This common purpose - the need for improved efficiency - is reflected in the consultation announced by the Government (reported in BioNews 663). The central question is how it should be achieved, the favoured option being the integration of HFEA functions into existing organisations.
Providers and purchasers of NHS care are the target audience of the consultation, and as the NHS looks to implement the NICE (National Institute for Health and Clinical Excellence) guideline more fully, regulatory cost is becoming a significant drain on resources. Thus the NHS is being asked to select the option that gives the best savings and it's that consideration that I address here.
The consultation gives three options that can be briefly summarised as:
(1) abolish the HFEA and absorb its functions into the Health Research Authority (HRA) and Care Quality Commission (CQC);
(2) as (1) but with some functions allocated to other organisations;
(3) retain the HFEA and require further efficiency savings.
The third option, I think, can be dismissed - the 'status quo' is not an optimistic long-term strategy. Actions already taken by the HFEA have made significant savings in infrastructure and administration (where office moves are concerned, for example). Further savings will need reform of the regulatory process but experience demonstrates that HFEA process changes have increased expenditure. Figures from the HFEA's reports show that between 2000 and 2009 expenditure increased from £1.7m to £7.1m while the number of clinics/treatments rose from 116/46,398 to 134/61,530 per annum. Thus, despite plans for efficiency savings, the regulatory cost per clinic rose from £14,796 to £53,843. Given this history, option (3) does not look promising.
Options (1) and (2) are similar and follow the same drive to streamline regulatory services and reduce duplication. With option (1), there is the risk that the current HFEA regulatory practices will continue under the direction of the CQC executive without significant change. Although there are senior staff savings to be made, it is unlikely that any further efficiency savings will result unless the regulatory process is also revised. The professional societies have argued strongly that process revision is both necessary and potentially cost-efficient.
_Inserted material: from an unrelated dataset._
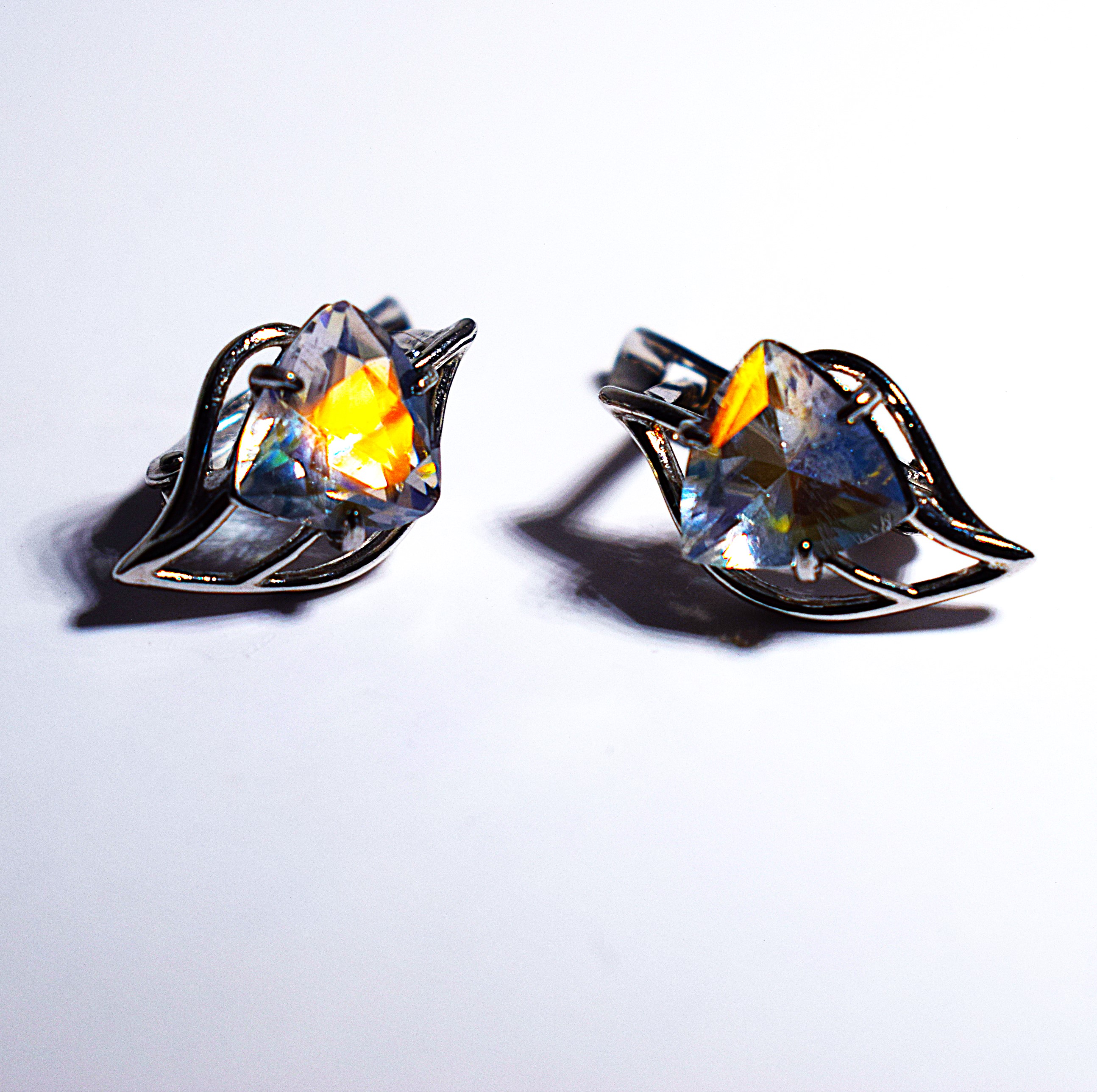Серебряные серьги с природным радужным, лунным камнем, вес 2,780 гр.

Option (2) has the advantage that it is more likely to force change but risks fragmentation and continuing duplication so needs to be considered carefully. However, there are two functions that sit more comfortably elsewhere. Firstly, policy decisions should be made by an accountable body and it is logical that this should be a Department of Health-led function. Although high profile, policy issues arise infrequently and are probably better dealt with on an ad hoc basis by relevant bodies for each issue.
Secondly, donor-conceived adults wanting to trace their donor are in a similar situation to adopted adults tracing birth parents. The expertise and support needed is not found in the CQC. Devolution of these functions should improve practice. Cost savings are anticipated as, with minimal investment, the work could be absorbed into existing organisations.
HFEA data collection and storage has primarily related to clinic licensing. Thus it is probably best that this stays with the CQC. Current HFEA procedures for data collection have been criticised and much simpler methods are proposed by the professional societies. If adopted, these could replace the HFEA register without the loss of data, and would represent significant cost savings for both the clinics and the regulator.
There remains a concern that the CQC has little experience of laboratory accreditation. Nonetheless, the principles of regulation within a quality management system are generic and collaboration between the professional societies, the current HFEA expertise and the CQC should provide an appropriate structure against which a compliance assessment can be made that could improve efficiency.
The transfer of research regulation from the HFEA to the new HRA has been widely supported. Apart from the statutory requirement for licensing, all the HFEA regulatory oversight duplicates that of the National Research Ethics Service (NRES). Experience tells us that the NRES process is more efficient and ethically robust, particularly since it works within the context of other medical research.
Potential cost savings of the transfer to the HRA are unclear because not all research-related activity costs are identified in the HFEA accounts. Nonetheless, the HFEA has only 27 research licences compared with about 6,000 projects regulated by NRES so it is likely that the work could be absorbed with minimal additional resources.
Providers who anticipate that reforms will ease the regulator's requirement for compliance are misinformed. This reorganisation is an opportunity to improve efficiency. With appropriate support from the professionals, it could be more robust but justifiable and accountable.
Purchasers who are concerned that compliance against standards might fall with a revised regulatory process should be reassured. The most important issues relating to the creation and use of embryos remain subject to primary legislation. There is a significant opportunity to cut costs but this will require radical change.